▸ **To do**:
From the line containing "ISO 11448:1997 - Powered" down to the line containing "When two different", copy out the entries below exactly, both lines included, and nothing else; pictures do not belong in the copy.

▸ **Data extract**:
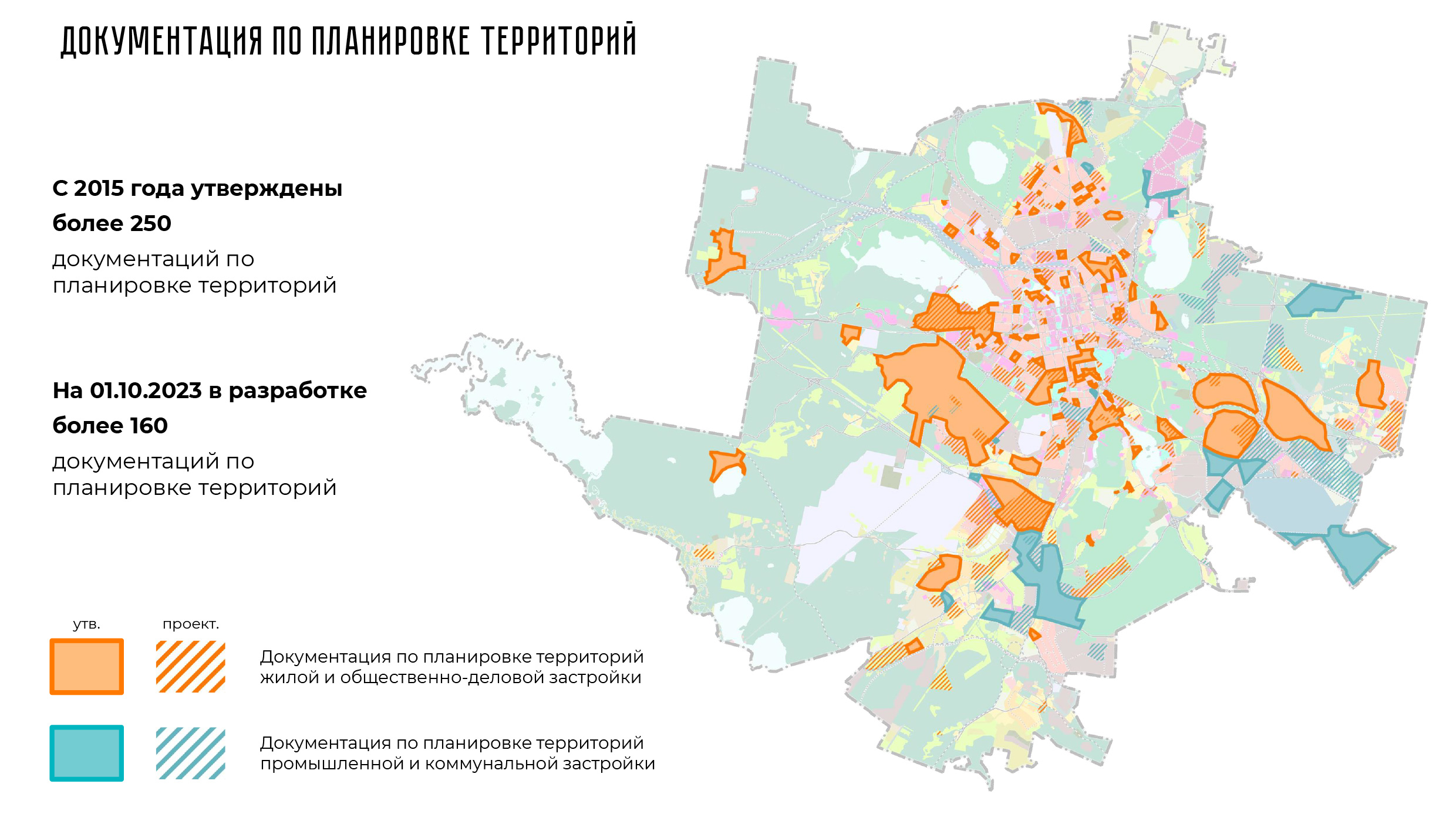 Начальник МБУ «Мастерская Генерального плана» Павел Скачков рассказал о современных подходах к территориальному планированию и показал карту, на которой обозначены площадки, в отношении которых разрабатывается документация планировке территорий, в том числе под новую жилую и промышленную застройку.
==
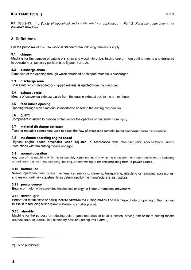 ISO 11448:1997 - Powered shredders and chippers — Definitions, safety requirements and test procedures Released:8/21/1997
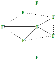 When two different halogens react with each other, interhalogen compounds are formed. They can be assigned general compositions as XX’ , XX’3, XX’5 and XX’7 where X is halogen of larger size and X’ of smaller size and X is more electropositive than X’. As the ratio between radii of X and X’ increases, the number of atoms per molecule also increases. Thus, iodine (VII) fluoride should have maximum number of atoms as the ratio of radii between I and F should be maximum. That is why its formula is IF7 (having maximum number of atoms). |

▸ **Solution to this problem**:
 ISO 11448:1997 - Powered shredders and chippers — Definitions, safety requirements and test procedures Released:8/21/1997
 When two different halogens react with each other, interhalogen compounds are formed. They can be assigned general compositions as XX’ , XX’3, XX’5 and XX’7 where X is halogen of larger size and X’ of smaller size and X is more electropositive than X’. As the ratio between radii of X and X’ increases, the number of atoms per molecule also increases. Thus, iodine (VII) fluoride should have maximum number of atoms as the ratio of radii between I and F should be maximum. That is why its formula is IF7 (having maximum number of atoms). |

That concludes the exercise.